» Requirement
Go to the line holding "SITUATIONIST skirt in" in the data below and repeat it exactly, then each line after it up to and including the one holding "Плюшевые зимние милые". Omit pictures.

» Data records
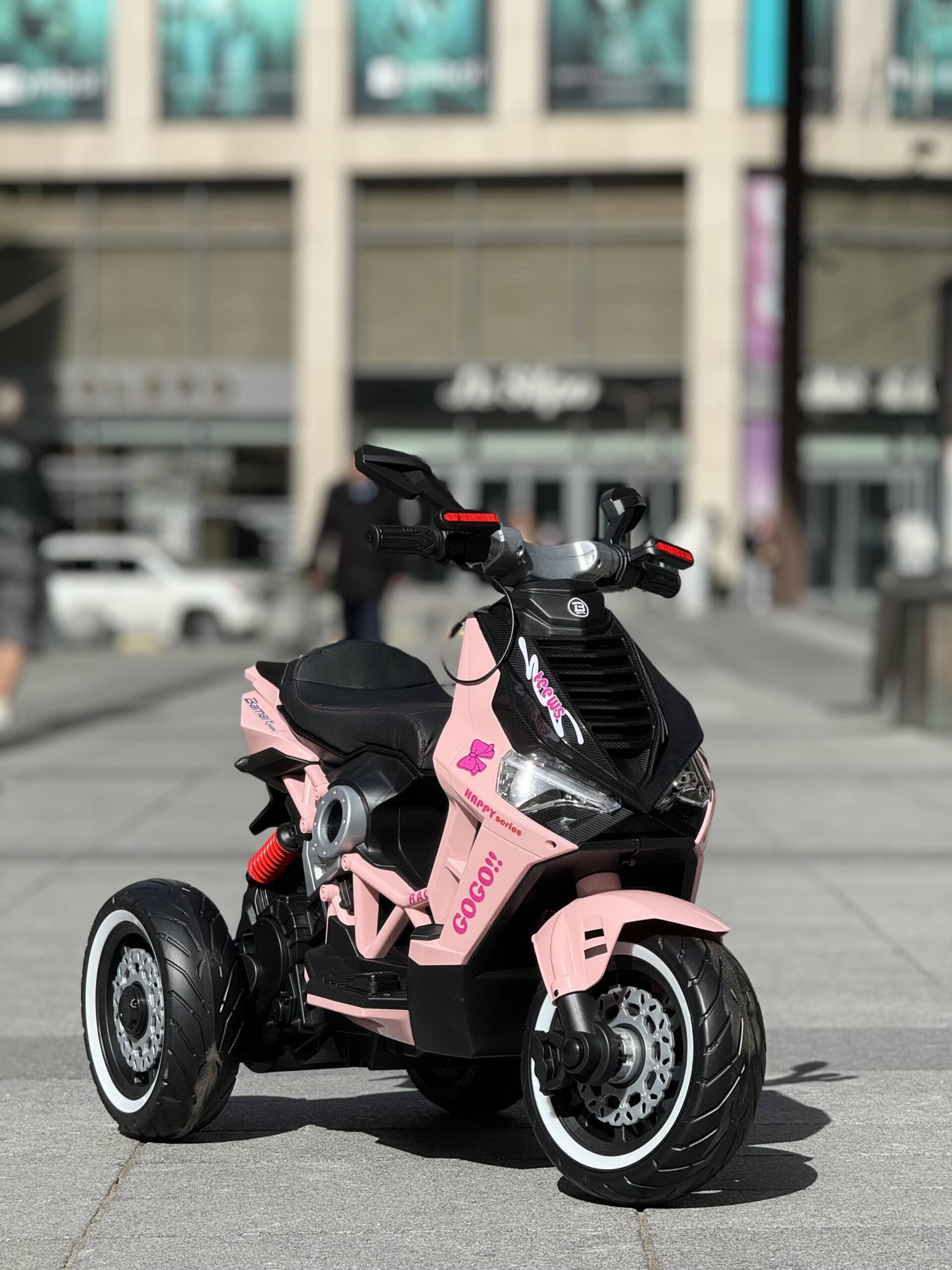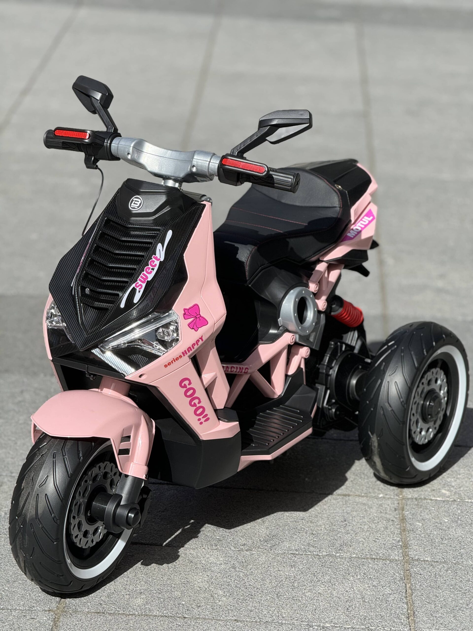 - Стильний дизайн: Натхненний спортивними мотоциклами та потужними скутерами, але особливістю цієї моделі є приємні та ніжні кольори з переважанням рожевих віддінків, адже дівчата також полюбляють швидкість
---
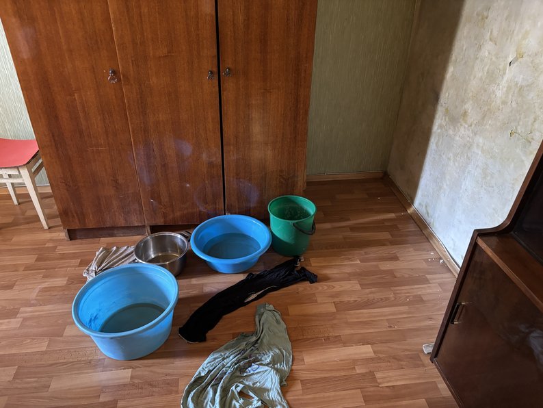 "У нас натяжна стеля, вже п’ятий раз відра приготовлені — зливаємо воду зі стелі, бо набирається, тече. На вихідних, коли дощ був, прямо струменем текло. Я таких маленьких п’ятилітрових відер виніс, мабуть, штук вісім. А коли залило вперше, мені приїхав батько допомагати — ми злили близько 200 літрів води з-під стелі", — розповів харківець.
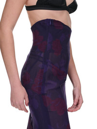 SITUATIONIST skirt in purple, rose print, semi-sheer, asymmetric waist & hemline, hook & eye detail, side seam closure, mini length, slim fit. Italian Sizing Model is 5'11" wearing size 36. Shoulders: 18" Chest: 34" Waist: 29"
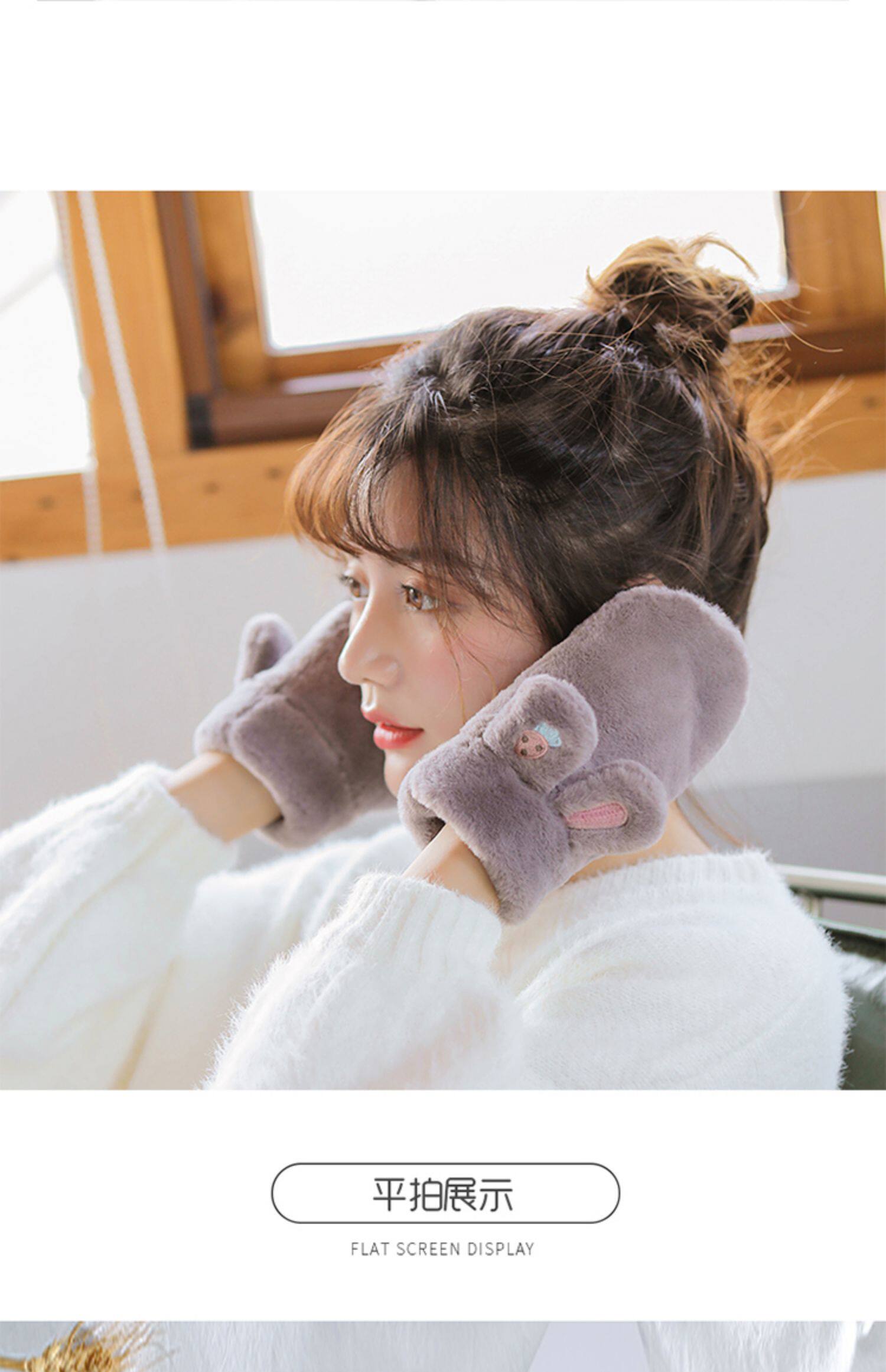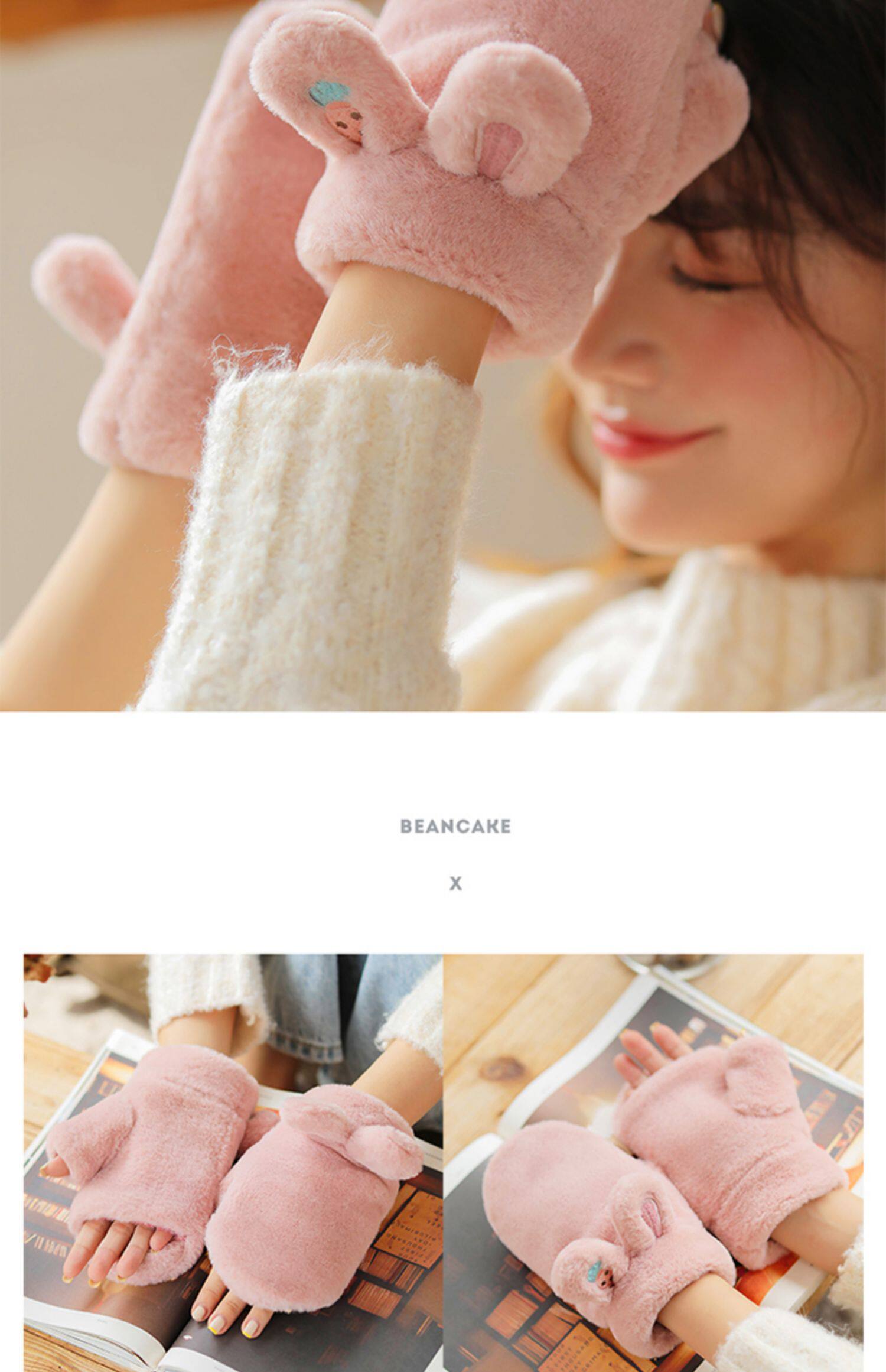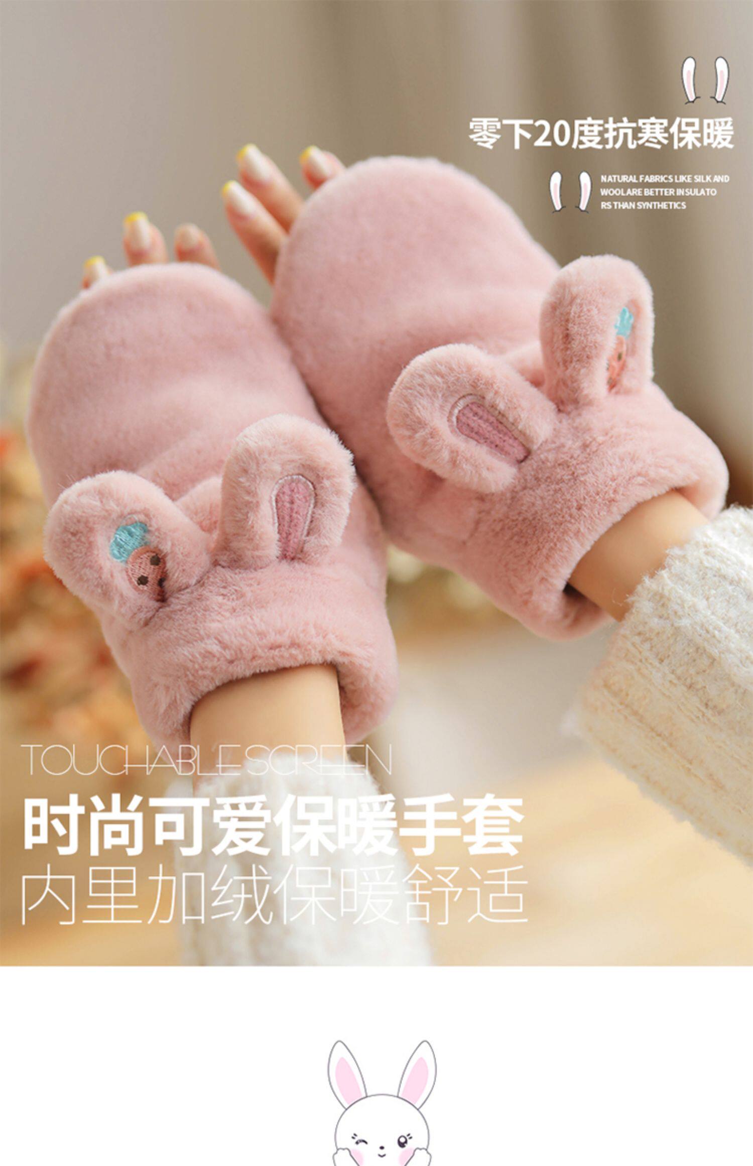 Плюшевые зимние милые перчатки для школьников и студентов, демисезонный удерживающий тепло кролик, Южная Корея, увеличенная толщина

» Response
 SITUATIONIST skirt in purple, rose print, semi-sheer, asymmetric waist & hemline, hook & eye detail, side seam closure, mini length, slim fit. Italian Sizing Model is 5'11" wearing size 36. Shoulders: 18" Chest: 34" Waist: 29"
 Плюшевые зимние милые перчатки для школьников и студентов, демисезонный удерживающий тепло кролик, Южная Корея, увеличенная толщина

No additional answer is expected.